**Directions for this task**
Nothing except the pictures should be left out when you reproduce the listing exactly.

= = =

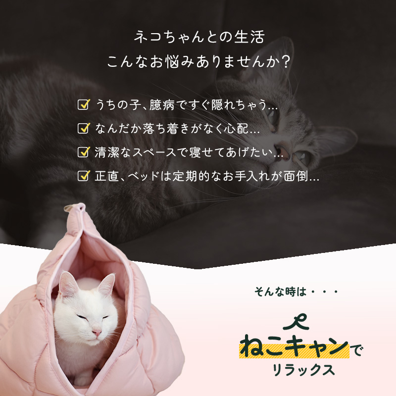 テントの形をしたハウス型おふとん『 ねこキャン 』
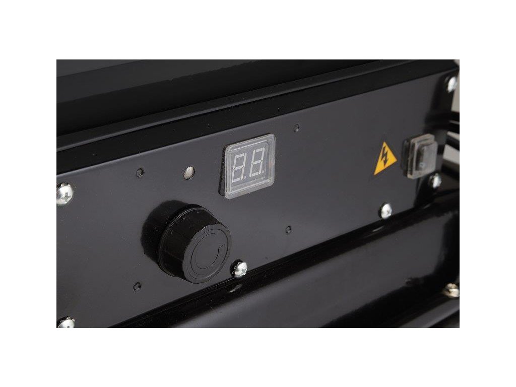 Snadné ovládání pomocí ovládacího knoflíku, teplota se zobrazuje na digitálním ukazateli. Zapínání a vypínání topidla se prování pomocí kolébkového spínače s krycí gumovou manžetou proti pronikání vlhkosti.
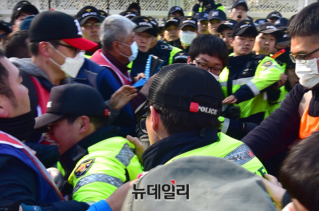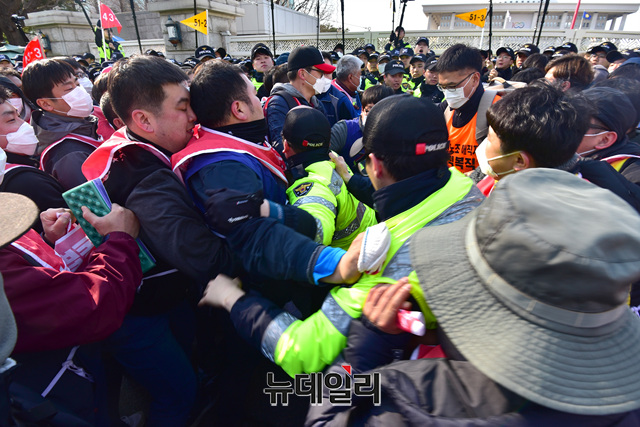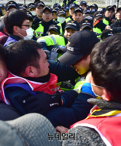 최저임금제 개혁과 탄력근로제를 반대하는 민노총(전국민주노동조합총연맹) 노조원들이 2일 오후 국회 본청 진입을 시도하며 경찰을 끌어내고 있다.
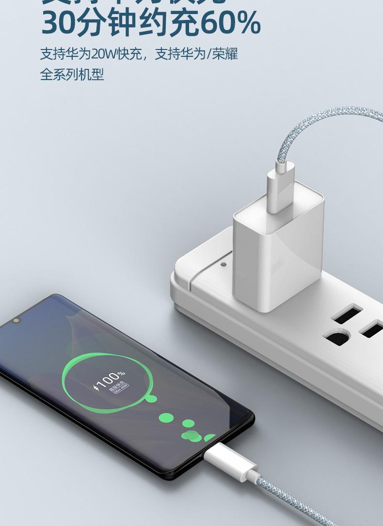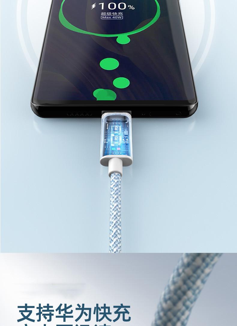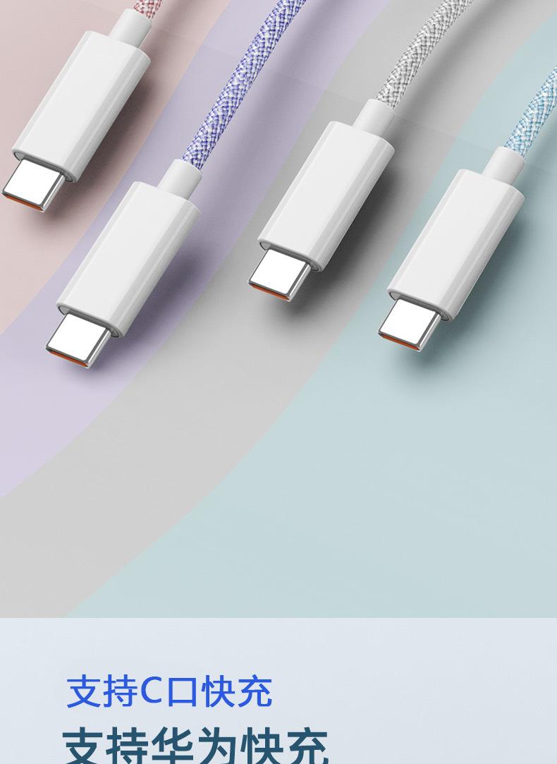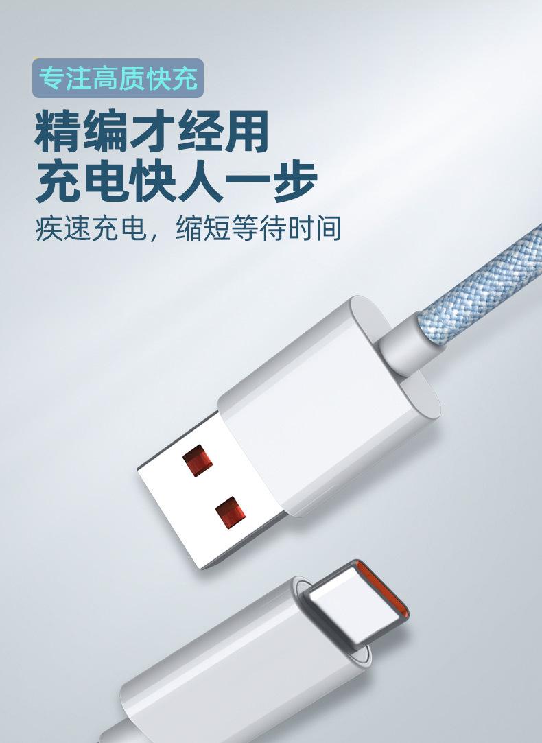 Cable de Datos USB Tipo C Trenzado 6A de Carga Rápida Adecuado para Huawei Xiaomi Teléfono Móvil Android Tableta Carga Rápida Cable para Teléfono Móvil
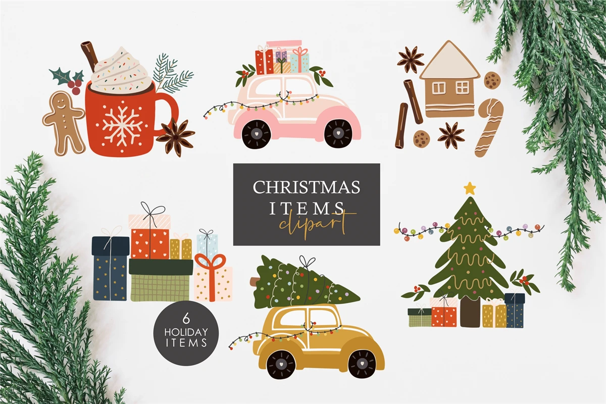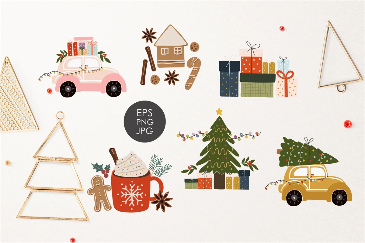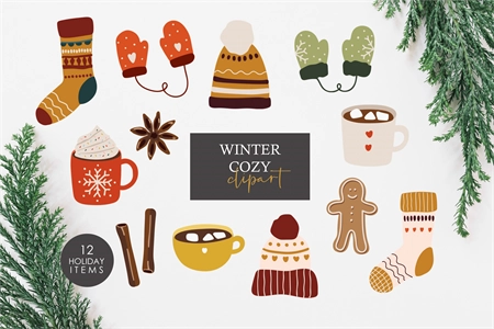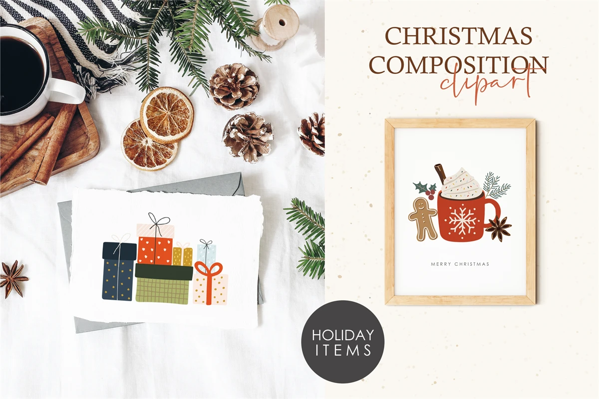Christmas clipart, Abstract winter composition clipart, Digital Holiday elements, New Year items PNG, Winter clipart, Cozy winter clipart

= = =

**Exercise solution**
 テントの形をしたハウス型おふとん『 ねこキャン 』
 Snadné ovládání pomocí ovládacího knoflíku, teplota se zobrazuje na digitálním ukazateli. Zapínání a vypínání topidla se prování pomocí kolébkového spínače s krycí gumovou manžetou proti pronikání vlhkosti.
 최저임금제 개혁과 탄력근로제를 반대하는 민노총(전국민주노동조합총연맹) 노조원들이 2일 오후 국회 본청 진입을 시도하며 경찰을 끌어내고 있다.
 Cable de Datos USB Tipo C Trenzado 6A de Carga Rápida Adecuado para Huawei Xiaomi Teléfono Móvil Android Tableta Carga Rápida Cable para Teléfono Móvil
Christmas clipart, Abstract winter composition clipart, Digital Holiday elements, New Year items PNG, Winter clipart, Cozy winter clipart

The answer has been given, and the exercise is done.